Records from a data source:
+--
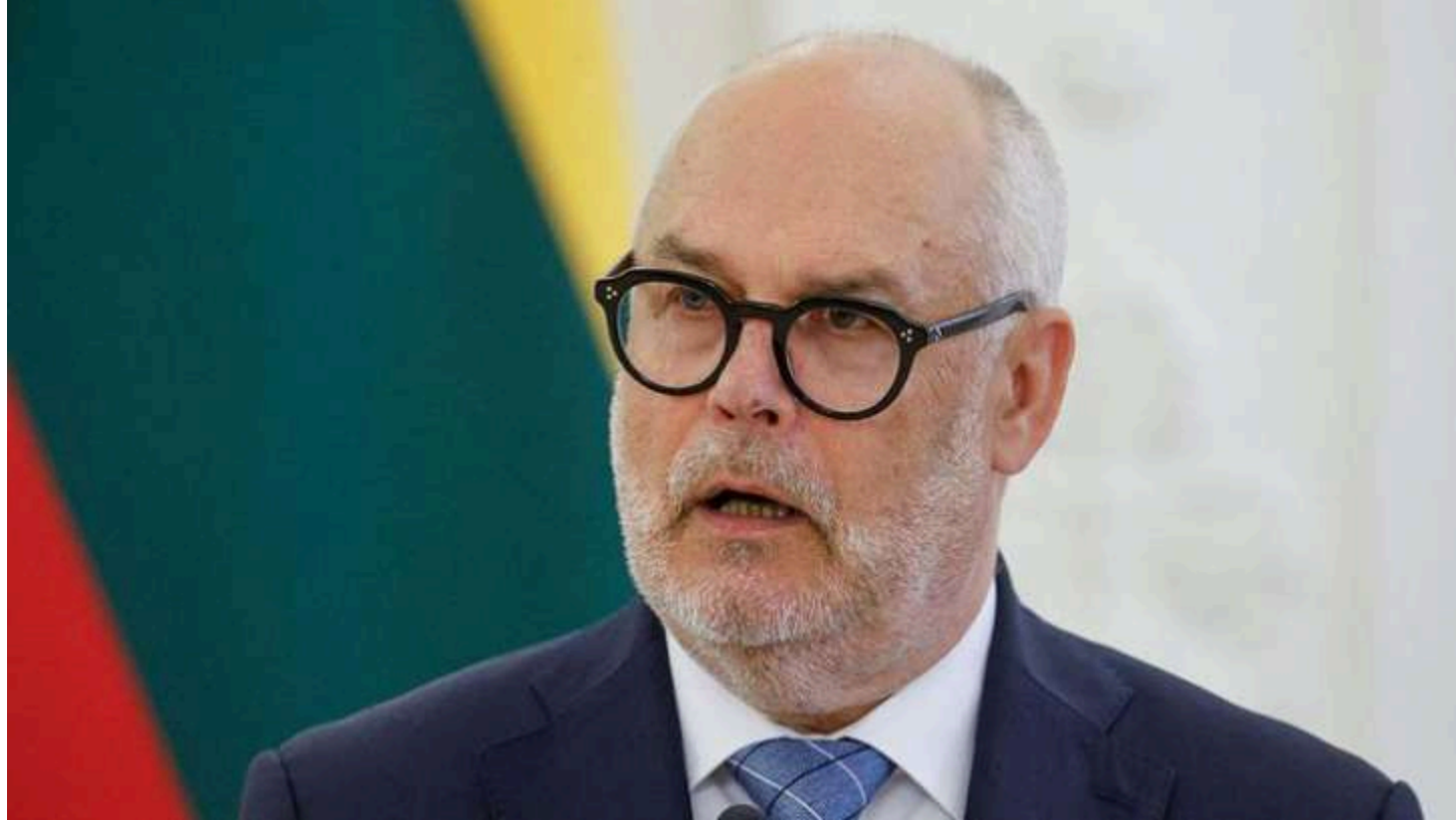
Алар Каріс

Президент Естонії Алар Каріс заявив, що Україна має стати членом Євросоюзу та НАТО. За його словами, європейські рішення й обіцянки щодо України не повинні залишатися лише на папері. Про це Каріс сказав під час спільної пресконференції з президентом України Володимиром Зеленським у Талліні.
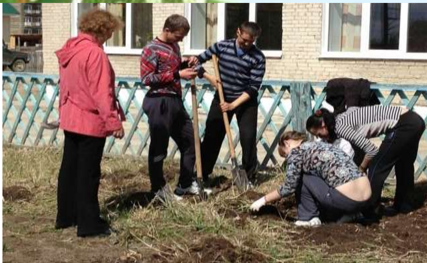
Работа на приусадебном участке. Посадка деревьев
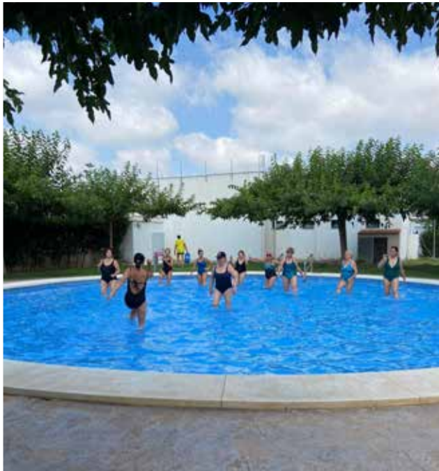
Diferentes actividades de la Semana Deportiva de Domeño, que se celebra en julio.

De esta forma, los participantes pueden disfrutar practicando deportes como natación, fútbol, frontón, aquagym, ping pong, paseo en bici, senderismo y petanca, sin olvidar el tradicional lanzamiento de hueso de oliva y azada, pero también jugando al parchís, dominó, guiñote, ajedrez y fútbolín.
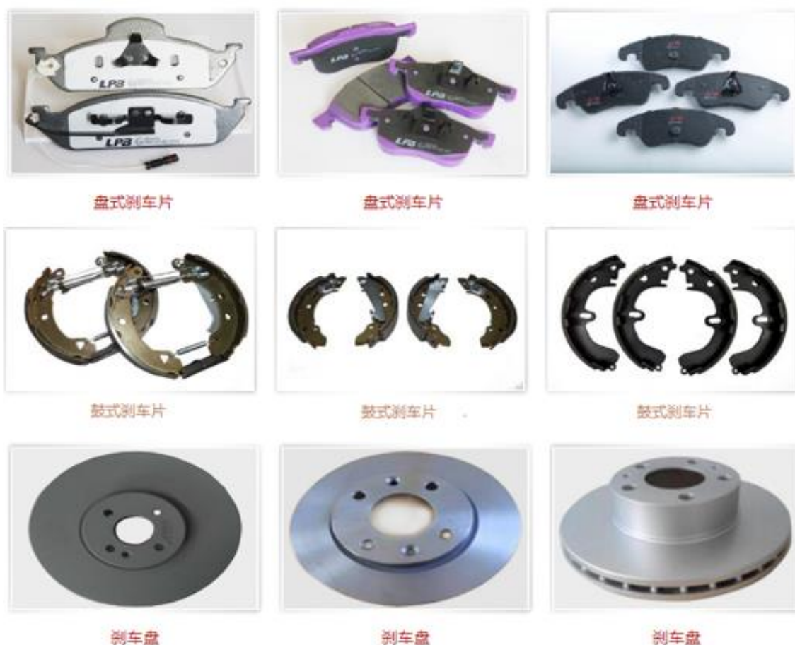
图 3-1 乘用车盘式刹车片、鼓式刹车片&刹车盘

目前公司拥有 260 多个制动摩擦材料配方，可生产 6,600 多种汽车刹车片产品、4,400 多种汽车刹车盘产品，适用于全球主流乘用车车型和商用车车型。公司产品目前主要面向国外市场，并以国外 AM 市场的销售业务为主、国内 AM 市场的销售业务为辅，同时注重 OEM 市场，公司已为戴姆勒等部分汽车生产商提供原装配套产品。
+--
Prompt -
The records above are to be transcribed word for word. Skip the images.

Solution to this exercise -
Алар Каріс

Президент Естонії Алар Каріс заявив, що Україна має стати членом Євросоюзу та НАТО. За його словами, європейські рішення й обіцянки щодо України не повинні залишатися лише на папері. Про це Каріс сказав під час спільної пресконференції з президентом України Володимиром Зеленським у Талліні.
Работа на приусадебном участке. Посадка деревьев
Diferentes actividades de la Semana Deportiva de Domeño, que se celebra en julio.

De esta forma, los participantes pueden disfrutar practicando deportes como natación, fútbol, frontón, aquagym, ping pong, paseo en bici, senderismo y petanca, sin olvidar el tradicional lanzamiento de hueso de oliva y azada, pero también jugando al parchís, dominó, guiñote, ajedrez y fútbolín.
图 3-1 乘用车盘式刹车片、鼓式刹车片&刹车盘

目前公司拥有 260 多个制动摩擦材料配方，可生产 6,600 多种汽车刹车片产品、4,400 多种汽车刹车盘产品，适用于全球主流乘用车车型和商用车车型。公司产品目前主要面向国外市场，并以国外 AM 市场的销售业务为主、国内 AM 市场的销售业务为辅，同时注重 OEM 市场，公司已为戴姆勒等部分汽车生产商提供原装配套产品。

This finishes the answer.